# Your objective
Every line of the data below should be repeated exactly, and no picture should be copied.
+++++
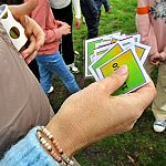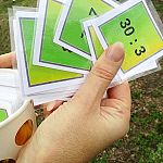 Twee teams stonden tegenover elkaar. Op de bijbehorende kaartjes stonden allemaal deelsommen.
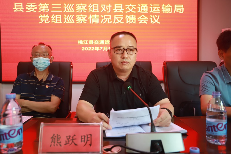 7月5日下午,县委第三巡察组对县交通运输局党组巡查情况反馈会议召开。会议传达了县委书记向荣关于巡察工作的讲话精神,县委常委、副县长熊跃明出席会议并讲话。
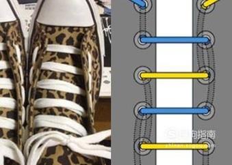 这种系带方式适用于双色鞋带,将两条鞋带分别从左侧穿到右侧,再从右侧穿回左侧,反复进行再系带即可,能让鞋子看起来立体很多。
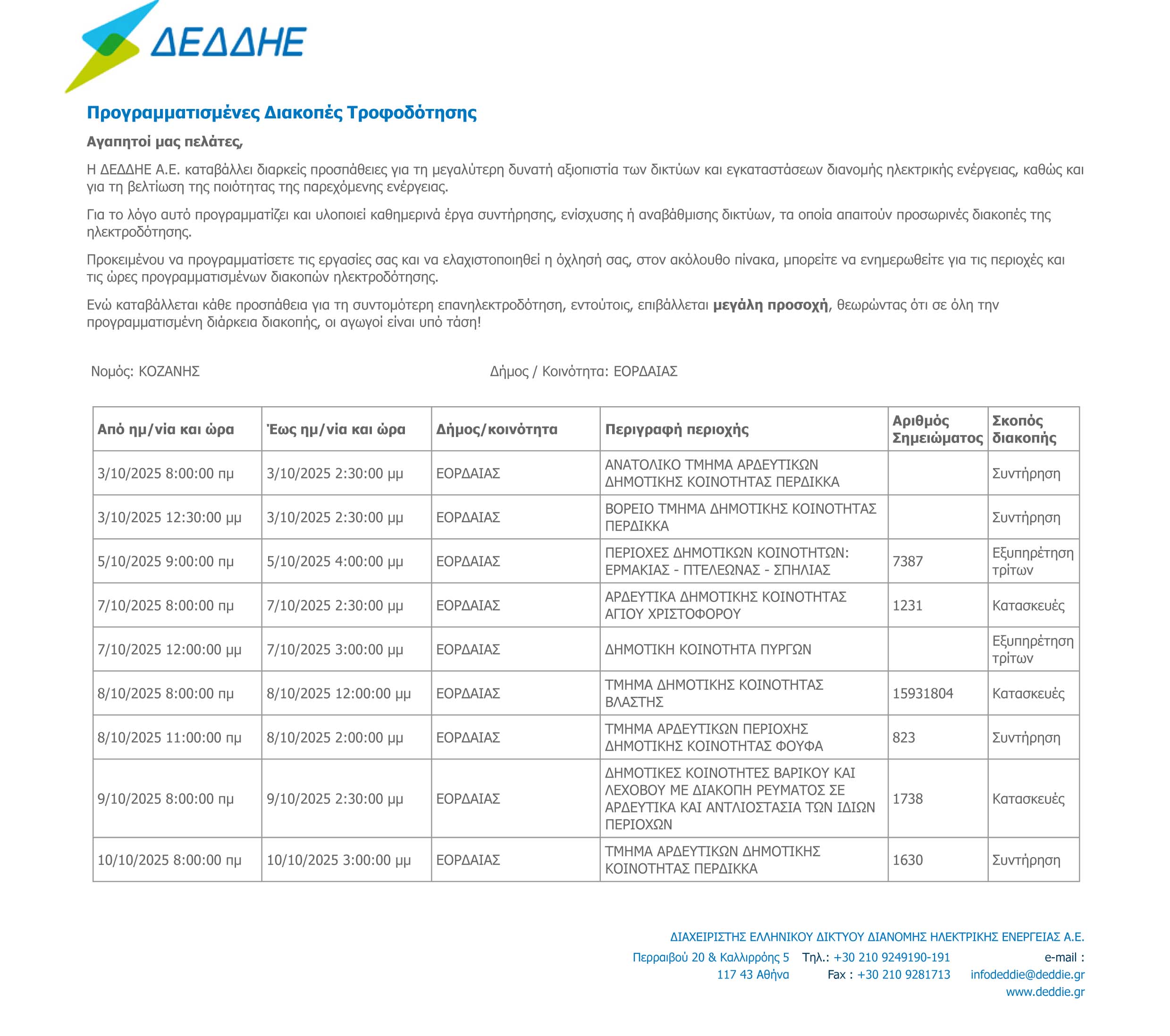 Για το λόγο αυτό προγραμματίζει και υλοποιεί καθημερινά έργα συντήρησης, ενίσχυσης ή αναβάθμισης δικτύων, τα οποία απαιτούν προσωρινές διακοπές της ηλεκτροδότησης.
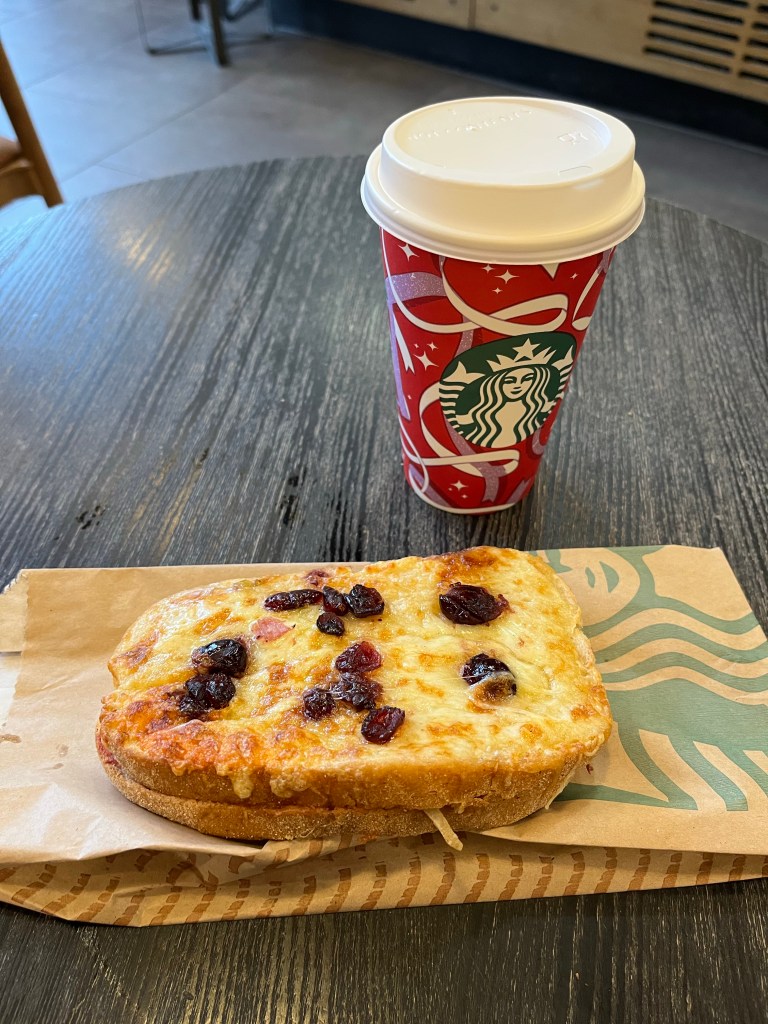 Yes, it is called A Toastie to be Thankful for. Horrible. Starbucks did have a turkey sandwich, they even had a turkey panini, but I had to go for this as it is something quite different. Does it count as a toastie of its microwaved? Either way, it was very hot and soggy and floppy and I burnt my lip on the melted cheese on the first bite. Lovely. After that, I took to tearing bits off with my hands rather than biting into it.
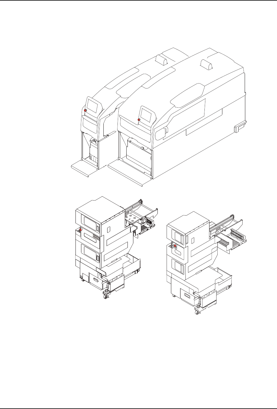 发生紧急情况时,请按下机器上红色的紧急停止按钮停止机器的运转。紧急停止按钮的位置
+++++
# Task response
 Twee teams stonden tegenover elkaar. Op de bijbehorende kaartjes stonden allemaal deelsommen.
 7月5日下午,县委第三巡察组对县交通运输局党组巡查情况反馈会议召开。会议传达了县委书记向荣关于巡察工作的讲话精神,县委常委、副县长熊跃明出席会议并讲话。
 这种系带方式适用于双色鞋带,将两条鞋带分别从左侧穿到右侧,再从右侧穿回左侧,反复进行再系带即可,能让鞋子看起来立体很多。
 Για το λόγο αυτό προγραμματίζει και υλοποιεί καθημερινά έργα συντήρησης, ενίσχυσης ή αναβάθμισης δικτύων, τα οποία απαιτούν προσωρινές διακοπές της ηλεκτροδότησης.
 Yes, it is called A Toastie to be Thankful for. Horrible. Starbucks did have a turkey sandwich, they even had a turkey panini, but I had to go for this as it is something quite different. Does it count as a toastie of its microwaved? Either way, it was very hot and soggy and floppy and I burnt my lip on the melted cheese on the first bite. Lovely. After that, I took to tearing bits off with my hands rather than biting into it.
 发生紧急情况时,请按下机器上红色的紧急停止按钮停止机器的运转。紧急停止按钮的位置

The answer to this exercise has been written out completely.